Why the first automation matters most
The first workflow you automate sets the pattern for everything that follows. Pick something rule-based and internal — a task with clear inputs, clear outputs, and no judgment calls. In my consulting work, the three best first candidates are weekly reporting, lead follow-up emails, and support ticket triage.
The 3-question filter
Before automating anything, ask:
- Does it happen at least weekly? One-off tasks never pay back the setup cost.
- Could a new hire do it from a written checklist? If yes, software can too.
- Is the cost of an occasional mistake low? Start where errors are cheap.
If a task passes all three, it is a candidate. If it fails even one, leave it for later.
What NOT to automate first
Anything involving pricing decisions, upset customers, or legal language. Those need human judgment, and a bad automation there costs more than it saves.
A concrete example
A Dhaka-based e-commerce client spent 6 hours a week building a sales report by hand. We connected their store to a spreadsheet with an automated pipeline and a scheduled summary email. Setup took one afternoon; it has run every Monday since. That is the shape of a good first automation: boring, reliable, and measurable.
Frequently Asked Questions
How much does business automation cost for a small business?
Most first automations use tools you already pay for (email, spreadsheets, your store platform) plus a low-cost automation platform. Expect $0–50/month in tools; the real investment is a few hours of setup.

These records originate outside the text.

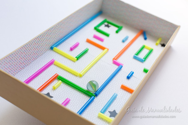 | Este laberinto esta hecho con pajitas de plástico y es ideal para jugar con nuestras cánicas como si de un pitball se tratara. |
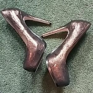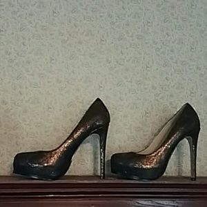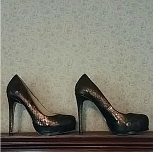 Super sexy, very comfortable all leather Chinese Laundry platform heels size 8 M. Shimmery metallic bronze snakeskin pattern, hard to capture, but so much more beautiful in person. Leather upper, leather lining, leather sole. Cushioned footbed, covered 1" platform, 5" heel. I, myself, have these in 2 different colors, and they truly are sooo comfortable. New in box. And when you open the box you get that delicious new leather smell :)
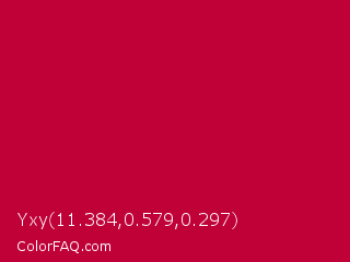 Yxy 11.384,0.579,0.297 Color is a normal rose color and the nearest color is Crimson Glory #be0032. Hex code #bf0138 and RGB value is rgb(191,1,56). In RGB color space, this color is composed of 75% red, 0% green, 22% blue, In CMYK color space, this color is composed of 0% cyan, 99% magenta, 71% yellow , 25% black , In HSL color space, this color has a hue angle of 343° , 99% saturation and 38% lightness.
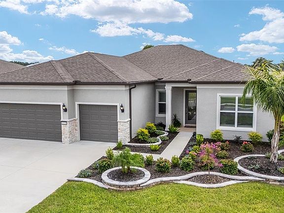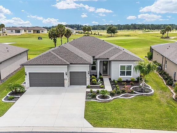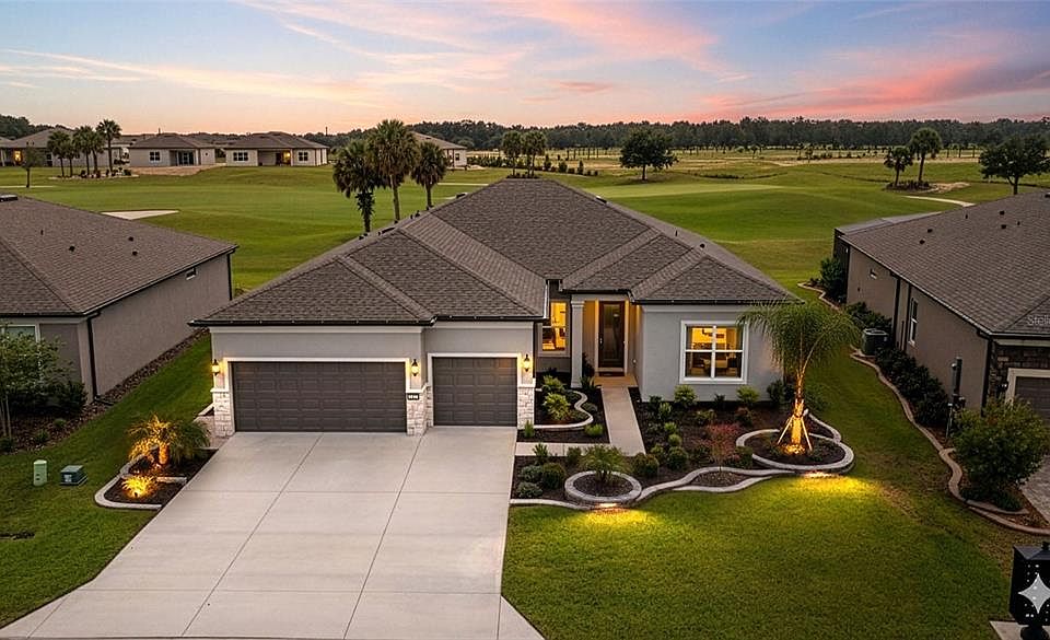 Welcome to this stunning STELLAR MODEL residence perfectly positioned on the 16TH HOLE of the Terry-Doss designed GOLF COURSE in Stone Creek, one of Ocala's most desirable 55+ gated golf community. This impeccable 2023 ECHELON SERIES blends elegance, comfort and functionality. This magnificent 3 Bedrooms, 3 Baths, plus+ Flex/Den/Office, features an exterior that effortlessly blends classic architectural charm with bold, contemporary design. Beautifully landscaped grounds with accent LED LIGHTING set the stage for this home's striking curb appeal. Stone exterior details and an elegant GLASS-INSET FRONT ENTRY creates an inviting focal point. Discover a spacious OPEN-CONCEPT design with SOARING 10'8 ft CEILINGS accented by CUSTOM CROWN MOLDINGS, PLANTATION SHUTTERS and LVP FLOORING. The Chef's kitchen showcases 42" Soft-close Wood Cabinets with pull-out drawers, Walk-in Pantry, QUARTZ counters, GRANITE UNDERMOUNT SINK, Custom Wood Canopy Hood, premium Built-in KitchenAid appliances, UNDERMOUNT LIGHTING, and a built-in BAR with wine refrigerator and display shelving adding an elegant touch for entertaining. Primary suite impresses with TRAY CEILINGS, an expansive walk-in closet, and a SPA INSPIRED BATH featuring a Roman-style shower with RAIN SHOWERHEAD and dual vanities. Guest bedroom located in the front of residence offers a PRIVATE EN SUITE. The Flex room which can be used as an Office/Den/Bonus room comes with Double French Doors for privacy. Large laundry room features front-loading Washer/Dryer, storage cabinets and counter space. CUSTOM MOTORIZED SHADES providing a seamless indoor-outdoor living space overlooking the screened LANAI showcasing PANORAMIC GOLF COURSE VIEWS and a 25x16 BRICK PAVER PATIO. PRE-WIRED SMART HOME convenience. This home comes pre-wired as a smart home, making it easy to connect security systems, smart thermostats, lighting, and other modern features for added comfort and peace of mind. Another added feature is a whole-house WATER SOFTNER SYSTEM, ensuring fresh, purified water throughtout. Completing this exceptional property is a 3-Car Garage with a 4' Extension and EPOXY-COATING FLOORING. Prime location within the community just minutes from gatehouse, golf course, clubhouse restaurant, resort-style pools, and state of the art fitness center all within close reach. Whether by golf cart, bike, or a leisurely stroll, everything you need for an active and social lifestyle is right at your doorstep. Don't miss this opportunity to own this spectacular property. Schedule your private tour today. Check out the VIRTUAL TOUR video on the link above.
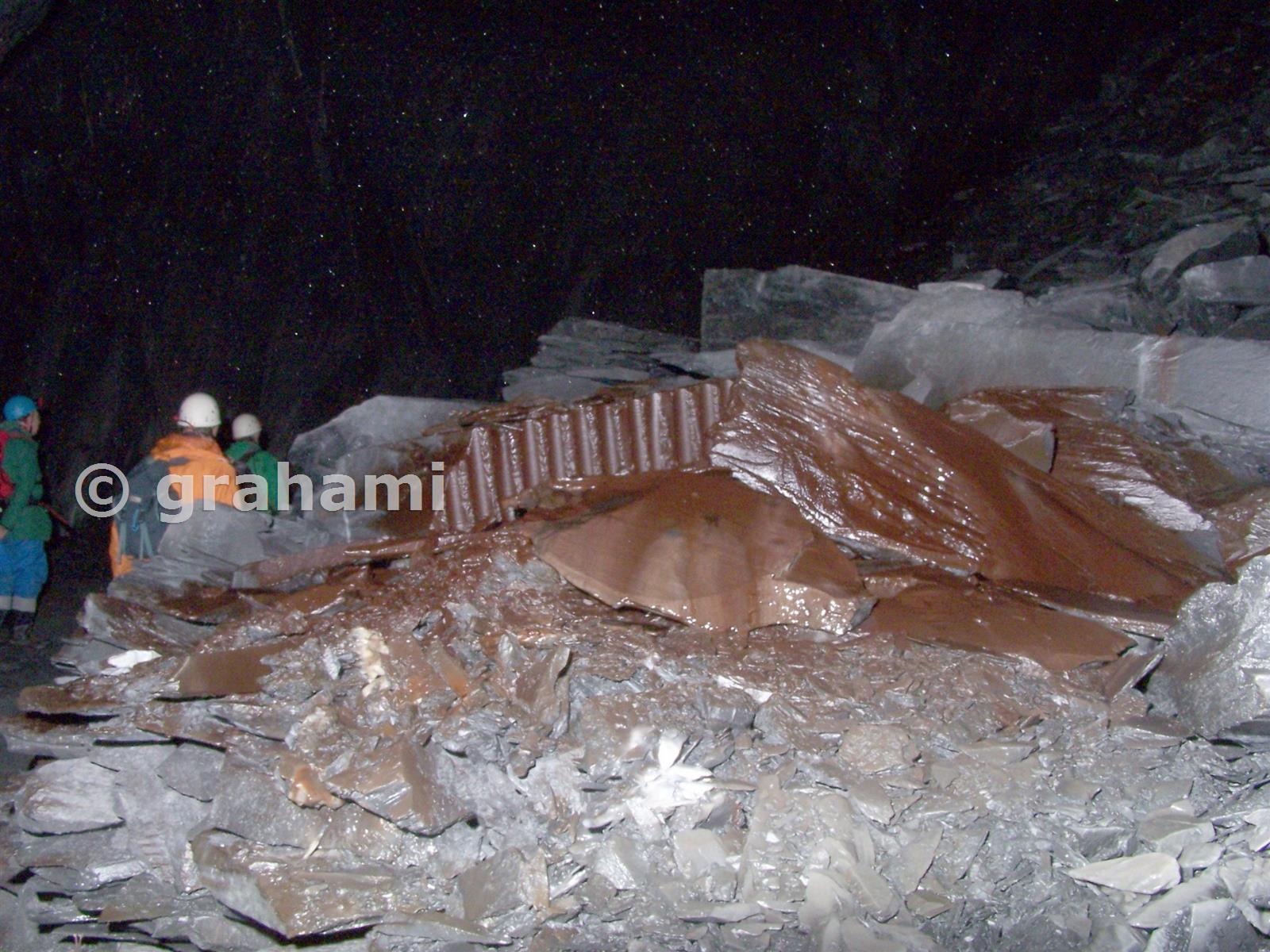 A piece of channelled rock covered in smooth iron stain - like enamelling - in the northen part of the "Cathedral" - I think. Floor 6.

Do I need a developer to automate my business?
Not for the first workflows. No-code tools cover reporting, follow-ups, and data syncing. You need engineering help when workflows touch custom software or need error handling at scale.
How do I measure if an automation is working?
Track hours saved per week and error rate before vs. after. A good first automation saves five or more hours a week with fewer errors than the manual process.